■ **Work required**: Every line in the data below has to be repeated exactly; no picture belongs in the result.

════════════════

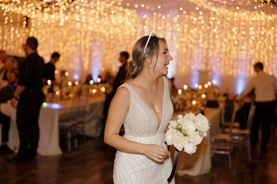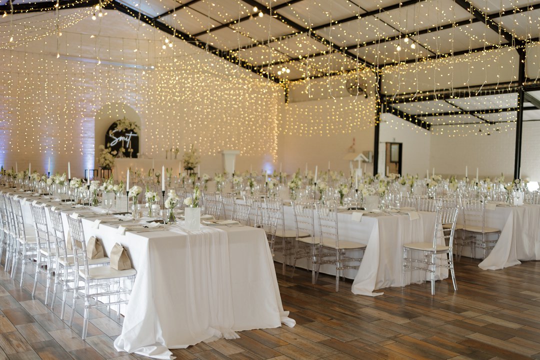 In die onthaalruimte het dit gevoel soos ’n modern sprokieswêreld, maar met ’n romantiese atmosfeer wat jou dadelik ingetrek het. Die beligting was sag en het die wit elemente van die dekor perfek beklemtoon. Die tafels was lank gedek met wit tafellinne, helder glasware en elegante wit blommerangskikking. Ons het vier lang tafels gehad wat dadelik ʼn gevoel van saamhorigheid geskep het.
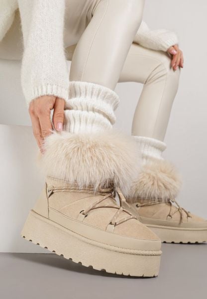Beżowe Śniegowce na Grubej Podeszwie z Futerkiem Tesila
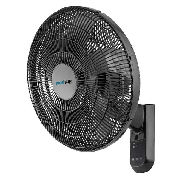 16 in. 3 Fan Speeds Wall Fan with Remote Control in Black
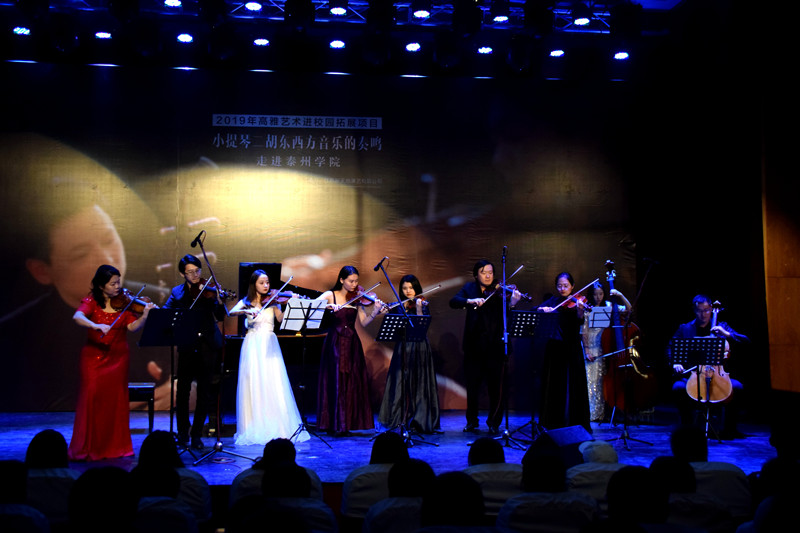此次来校表演的有二胡演奏家邓建栋老师、小提琴演奏家盛小华老师,著名旅德中提琴演奏家王洋老师和青年钢琴家马玉乔老师作为特邀嘉宾也参加了此次演出。
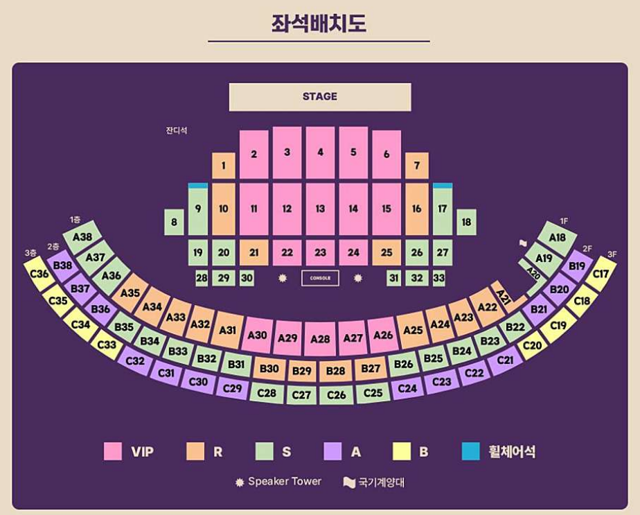 ※ 유의사항: 3층 객석은 등받이가 없고 단차가 높아 예매시 유의해야하고 우천속 공연이 지속될 경우, 설치물로 인해 일부 구역 시야방해가 될 수 있다. 공연 당일 야구 경기 개최 예정으로 상당수의 관람객 차량 및 행사 운영 차량 등으로 인해 주차공간이 매우 협소하며 인근 지역의 교통홉잡이 예상된다. 반드시 대중교통을 이용하시기를 당부드린다.

════════════════

■ **Response below**:
 In die onthaalruimte het dit gevoel soos ’n modern sprokieswêreld, maar met ’n romantiese atmosfeer wat jou dadelik ingetrek het. Die beligting was sag en het die wit elemente van die dekor perfek beklemtoon. Die tafels was lank gedek met wit tafellinne, helder glasware en elegante wit blommerangskikking. Ons het vier lang tafels gehad wat dadelik ʼn gevoel van saamhorigheid geskep het.
Beżowe Śniegowce na Grubej Podeszwie z Futerkiem Tesila
 16 in. 3 Fan Speeds Wall Fan with Remote Control in Black
此次来校表演的有二胡演奏家邓建栋老师、小提琴演奏家盛小华老师,著名旅德中提琴演奏家王洋老师和青年钢琴家马玉乔老师作为特邀嘉宾也参加了此次演出。
 ※ 유의사항: 3층 객석은 등받이가 없고 단차가 높아 예매시 유의해야하고 우천속 공연이 지속될 경우, 설치물로 인해 일부 구역 시야방해가 될 수 있다. 공연 당일 야구 경기 개최 예정으로 상당수의 관람객 차량 및 행사 운영 차량 등으로 인해 주차공간이 매우 협소하며 인근 지역의 교통홉잡이 예상된다. 반드시 대중교통을 이용하시기를 당부드린다.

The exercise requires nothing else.